DIRECTIONS: The lines below, from the one holding "Сосиски ПАПА МОЖЕТ , Сочные (ОМПК), 450 г" through the final line, are to be copied exactly, with no other lines and no pictures.

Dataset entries
▬▬▬▬▬▬▬▬▬▬

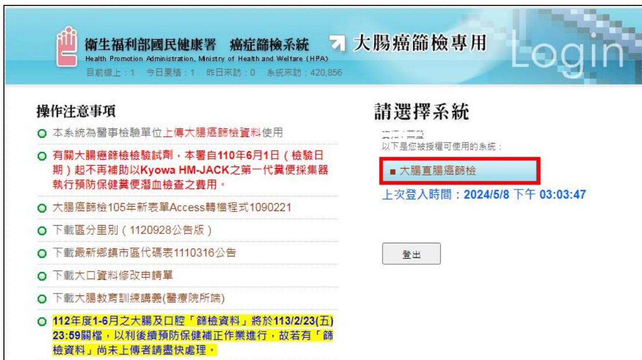
圖 2.介接至大腸癌篩檢系統後畫面
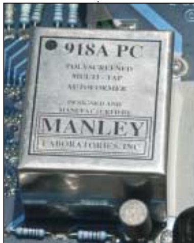
Uno dei due autotrasformatori disegnati e realizzati in proprio dalla Manley, responsabili in gran parte delle ottime prestazioni di questo apparecchio.

Vabbe', direte voi, abbiamo capito, ci hai messo un sacco di tempo per tarare 'sto pre, ma che ci frega? Vogliamo solo sapere se questo Steelhead va così bene come si dice in giro! Sì, vi rispondo, va così bene, e anche di più. Quantomeno con lo stadio MM (poi vedremo l'altro ingresso) credo di non aver mai sentito un analogico dal suono così dinamico, dal basso così potente, dall'immagine così ferma, plastica, insomma "analogica". La nettezza delle sfumature, la corposità che assumono è straordinaria, ed è vero quanto si legge nel manuale, ossia che alcuni dischi sembra di ascoltarli per la prima volta, anche se si pensava di conoscerli a memoria. Citerò solo alcuni dei moltissimi Lp che ho ascoltato per valutare questo stadio MM. Il primo è un Lp con due Concerti per pianoforte di Mozart (nn. 21 e 24) interpretati da Paul Badura-Skoda con l'orchestra da camera di Praga (un Supraphon dei primissimi '70, ottima incisione e straordinaria interpretazione del grande pianista viennese). Il pianoforte è tremendamente scolpito, ro-
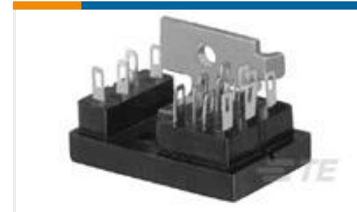
TE 产品编号 1-1393143-5 27E152=SOCKET,R10,ASSY,W/BRK
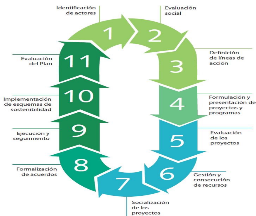
Gráfico 1. Fases de ejecución del Plan Fronteras para la Prosperidad

El Plan Fronteras ha liderado talleres participativos conformados por entidades del Gobierno nacional y del orden local, sector privado, el tercer sector y organismos de cooperación multilateral, para identificar programas, proyectos y acciones estratégicas de alto impacto en el departamento insular. El resultado de los talleres fue el establecimiento de la hoja de ruta del PFP en el archipiélago, evidenciado en el cuadro 4, el cual muestra las fases de ejecución del Plan Fronteras para la Prosperidad, que incluye la metodología del Plan.
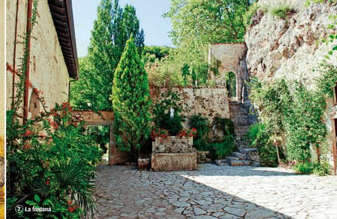
⑦ La fontana
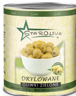
Oliwki zielone drylowane
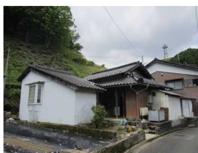
②斜面と保全対象の状況
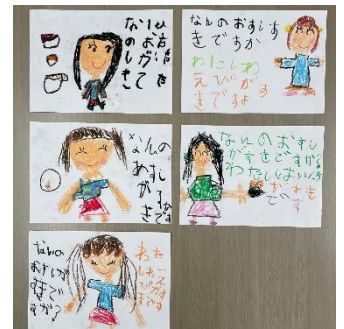
(千葉県南部の幼稚園からのメッセージ)
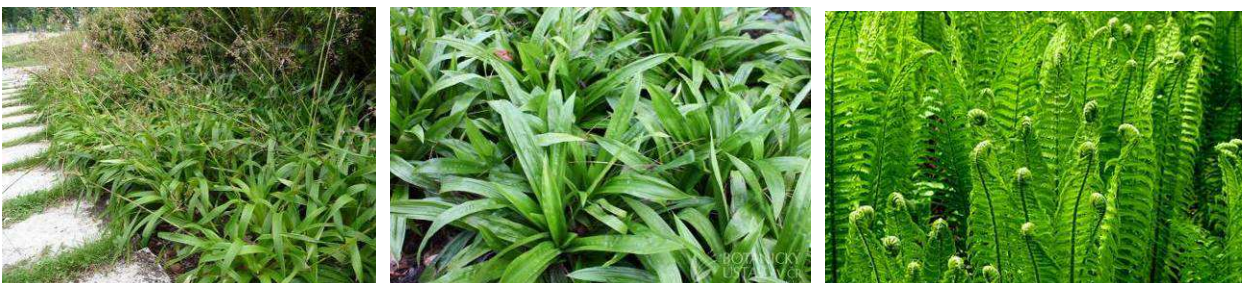
Záhony stinných a poléhavých trvalek kolem kostela
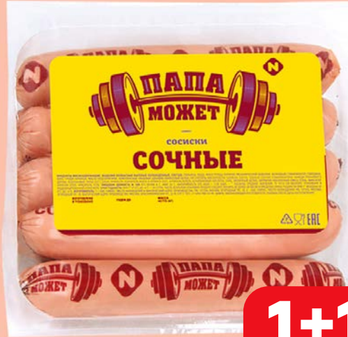
Сосиски ПАПА МОЖЕТ , Сочные (ОМПК), 450 г
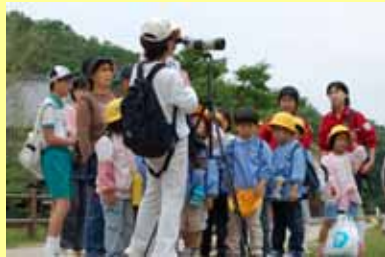
豊岡を知る「コウノトリツーリズム」で交流

環境と経済が共鳴し合う事業やビジネスの創出 を支援します 生きものを育む農業である『コウノトリ育む農法』を 広げていきます 自然環境と文化環境を題材としたコウノトリツー リズムを推進し、交流の輪を広げます

▬▬▬▬▬▬▬▬▬▬

SOLUTION BELOW:
Сосиски ПАПА МОЖЕТ , Сочные (ОМПК), 450 г
豊岡を知る「コウノトリツーリズム」で交流

環境と経済が共鳴し合う事業やビジネスの創出 を支援します 生きものを育む農業である『コウノトリ育む農法』を 広げていきます 自然環境と文化環境を題材としたコウノトリツー リズムを推進し、交流の輪を広げます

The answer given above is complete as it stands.